Bradley Martyn: A Fitness Guru’s Workout Routine and Diet Plan

Last Updated: November 17, 2021

Bradley is known for his fitness expertise and a substantial social media following. He started weightlifting when he was fifteen years and worked as a fitness trainer in his twenties.

This bodybuilder and fitness trainer has participated in various bodybuilding competitions and emerged a winner in some. Although he no longer trains for competitions, he remains popular for his expertise in fitness, including the eating habits required to attain a body builder’s physique.

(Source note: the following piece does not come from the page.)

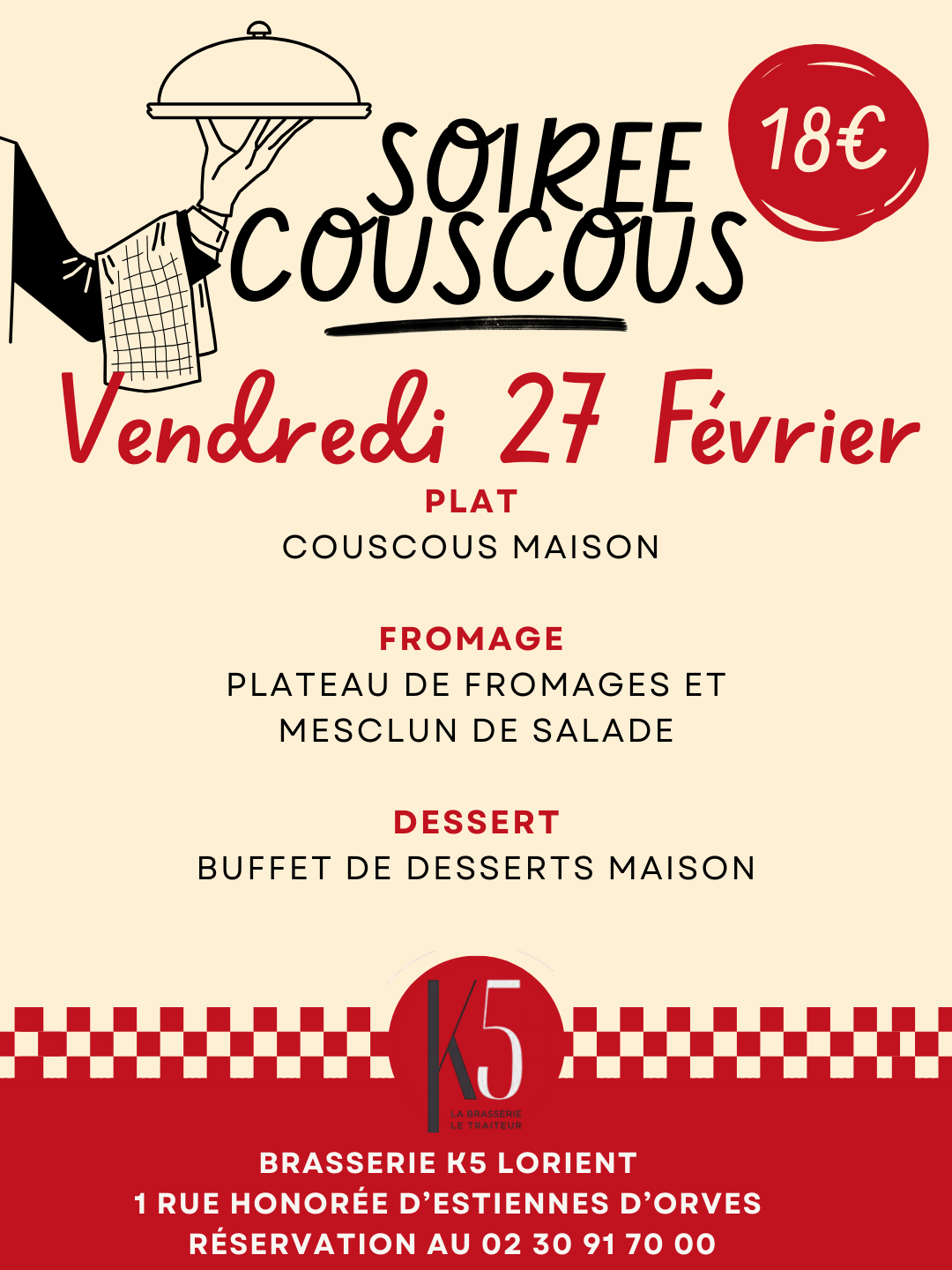 Repas au restaurant avec service en buffet, profitez de notre couscous maison, plateaux de fromages et dessert au choix pour seulement 18 €/ repas ! Boissons à la carte et possibilité de danser sur notre playlist selon l'ambiance de la salle ...

Let’s look into how Bradley has managed to gain and retain his shredded physique and what it has taken to get here.

About Bradley Martyn

Bradley is an American born on May 22nd in 1989. His earlier years were difficult as his father died of suicide when he was young.

He became consistent with gym training at the age of 15 and has remained at it ever since. Thanks to his in-depth nutrition and training experience, Bradley has been inspired to assist others with their fitness journey. He began a fitness program at the beginning of 2006. 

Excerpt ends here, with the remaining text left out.